Haiku structuring is cheap (~$4 for hundreds of docs), so the limiter is good source material, not budget. And we just found the material: a recovery pass restored 1,652 unstructured docs from compressed / failed-extraction state to clean readable text, concentrated exactly in the thin traditions, numerology 492, vedic 384, western 372, human_design 263, gene_keys 141 (0 raw files missing, DB backed up, reversible). That "residue" wasn't junk, it was locked-up source text. It is the fuel for this sprint. Order:

  1. Fix Gene Keys (highest impact). Investigate why gene_keys records are astrology: re-tag the mislabeled ones to their true tradition, then source real Gene Keys interpretive material (the 64 keys' shadow/gift/siddhi and lines) and structure it properly. Turns a broken core system into a real one.
  2. Build the canonical coverage map + gap report. Encode the target element sets above; have status.py report coverage % and depth per tradition against them. Now "weak" is measurable, not a vibe.
  3. Prune the noise. Quarantine dated/event-specific records (historical conjunctions, year-stamped transits) and invalid keys (Path_23) so counts reflect evergreen, usable interpretations.
  4. Source + structure the thin traditions to fill gaps, prioritized: Western (most-used) → Gene Keys → Numerology → Vedic. Aim crawling at the specific missing elements from the gap report, using quality public-domain and reputable open sources.
  5. Add depth where it's thinnest. Target 2 - 3 sources per high-value element (especially Western core: luminaries, Asc, personal planets in signs/houses) so interpretations cross-reference instead of relying on one scrape.
  6. Lengthen/enrich the short records on the most-used elements so they actually carry an audio.

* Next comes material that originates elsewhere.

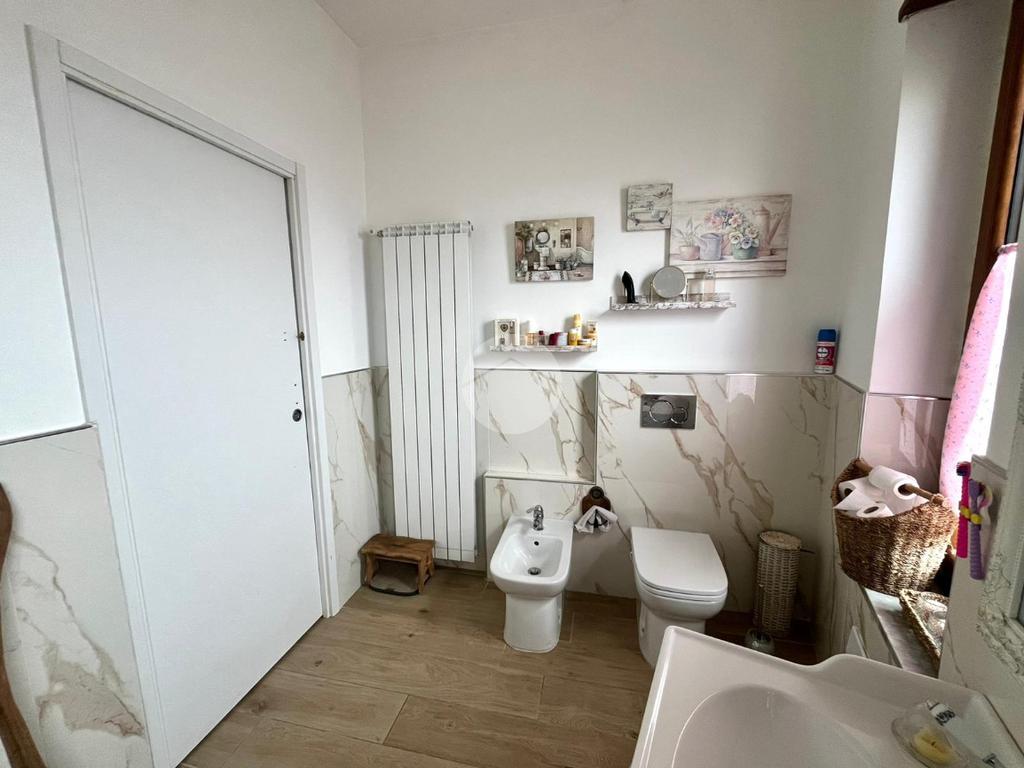 La zona notte è composta da tre camere da letto di generose dimensioni, tutte luminose e con accesso ai balconi. Il bagno, anch’esso ristrutturato, presenta raffinate finiture effetto marmo ed è completo di un ampio box doccia in vetro.

Honest expectation: by Sunday this can fix the Gene Keys corruption, give us a true coverage map, prune the noise, and meaningfully fill Western + Numerology + Gene Keys, a big jump from "lopsided with a broken tradition" toward balanced and solid. Reaching a sustained 10/10 across all canonical elements with full depth is the nightly crawler's continuing job; the weekend gets us most of the way and onto an honest, measurable track.

The techniques / craft knowledge base (the second ask, ongoing)

Separate from chart interpretations, build and continually enrich a techniques + craft corpus: - Structure the existing neuroscience/meditation research docs into a "techniques" tradition the engine retrieves like any other (the Techniques Library to-do), so Chiron pulls from structured records, not just the doc. - Mine the best visualization, meditation, and journeying audios (YouTube especially, via the listening engine) for their openers, closers, and imagery patterns, what the strongest ones actually do at the start, the turn, and the close, and catalog those as craft references for Orpheus and Chiron. - Keep enriching it nightly alongside the corpus crawl: new techniques, new opener/closer/imagery patterns, tagged and quality-gated.

How to verify (no vibes)

After the sprint, the gap report should show, per tradition: canonical elements, % covered, avg depth, and noise removed. That number is the honest corpus grade, and it's what we drive up over time.